◆ **Provided material**
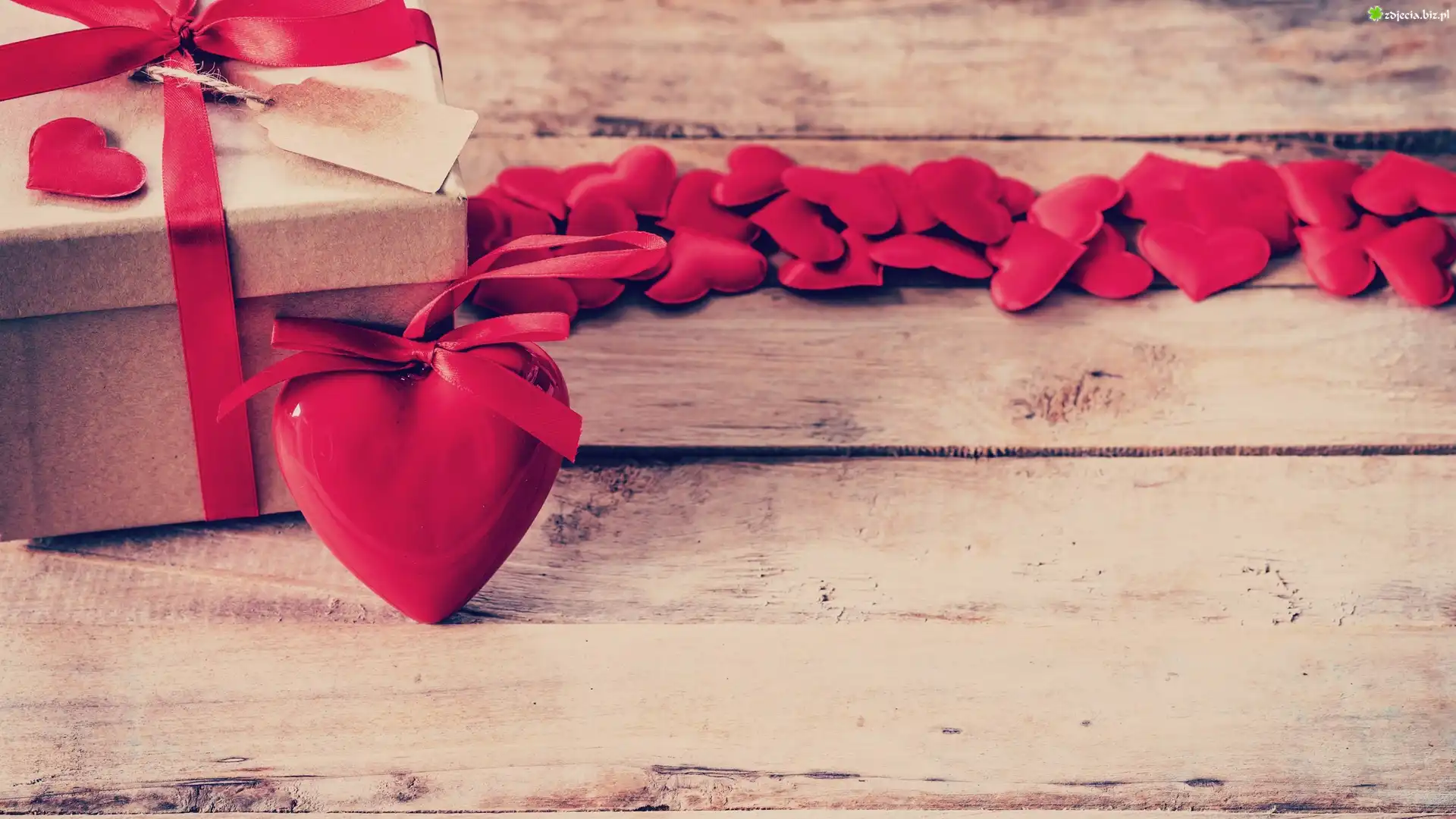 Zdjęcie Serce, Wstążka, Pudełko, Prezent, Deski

* * *

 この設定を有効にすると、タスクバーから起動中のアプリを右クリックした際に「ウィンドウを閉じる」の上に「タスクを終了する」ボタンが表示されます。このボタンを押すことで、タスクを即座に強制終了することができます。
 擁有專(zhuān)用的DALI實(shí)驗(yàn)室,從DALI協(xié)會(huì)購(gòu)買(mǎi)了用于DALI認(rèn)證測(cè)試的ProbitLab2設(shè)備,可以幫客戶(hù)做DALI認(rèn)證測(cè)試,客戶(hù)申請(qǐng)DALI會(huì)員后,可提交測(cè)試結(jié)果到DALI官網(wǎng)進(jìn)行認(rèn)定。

◆ **Your instructions**
Please give back exactly the lines of the listing above that run from the one containing "この設定を有効にすると、タス" through the one containing "擁有專(zhuān)用的DA", and only those.

◆ **Answer space**
 この設定を有効にすると、タスクバーから起動中のアプリを右クリックした際に「ウィンドウを閉じる」の上に「タスクを終了する」ボタンが表示されます。このボタンを押すことで、タスクを即座に強制終了することができます。
 擁有專(zhuān)用的DALI實(shí)驗(yàn)室,從DALI協(xié)會(huì)購(gòu)買(mǎi)了用于DALI認(rèn)證測(cè)試的ProbitLab2設(shè)備,可以幫客戶(hù)做DALI認(rèn)證測(cè)試,客戶(hù)申請(qǐng)DALI會(huì)員后,可提交測(cè)試結(jié)果到DALI官網(wǎng)進(jìn)行認(rèn)定。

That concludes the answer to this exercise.